The following should work – mind you, I can’t test it since I don’t have Windows (and Windows, Unicode and R simply do not mix):

x = read.csv('graph1.csv', fileEncoding = '', stringsAsFactors = TRUE)

At this point, x is gibberish, since it was read as-is, without parsing the byte data into an encoding. We should be able to verify this:

Encoding(x[1, 1])
# [1] "unknown"

Now we tell R to treat it as UTF-8:

x = as.data.frame(lapply(x, iconv, from = 'UTF-8', to = 'UTF-8),
                  stringsAsFactors = FALSE)

These two steps can be compressed into one by using encoding instead of fileEncoding as the argument to read.csv:

x = read.csv('graph1.csv', encoding = 'UTF-8', stringsAsFactors = TRUE)

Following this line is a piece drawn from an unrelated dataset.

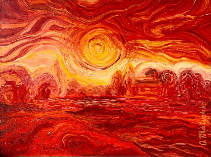 Certain limitations may have been an obstacle at the beginning of the war, but the inspiration did not leave. There are days, sometimes even Sundays, when exhaustion overcomes the psyche and you want nothing more than to sleep, sleep and sleep again. Sometimes it seems that the choice between paint and canvas is more important than food. Unable to create paintings in the studio, the artist paints them wherever possible, sometimes in the warmest room in the house. In the summer, she holds art plein airs with colleagues who have not left the country. Everyone is tired with slightly droopy eyes, but the hope for peace adds life to their expressions. We often hug when we meet our colleagues. No one knows whether we will see each other next time and when exactly we will have the opportunity. Drones often fly over the city, and there are frequent air raids and rocket explosions. More info: saatchiart.com Sometimes it seems that people are used to war, but this is not the case. And art itself is a mirror of the events we are experiencing together. Follow Bored Panda on Google News! Follow us on Flipboard.com/@boredpanda! Please use high-res photos without watermarks Ooops! Your image is too large, maximum file size is 8 MB.

In either case, roughly the same process takes place.

At this point, x still appears as gibberish, since your terminal on Windows presumably does not support a Unicode code page which R understands. In fact, when running the code with a non-UTF-8 code page on Mac, I get the following output now:

x[1, 1]
# [1] "<U+0648><U+0631><U+0642>800*750*6"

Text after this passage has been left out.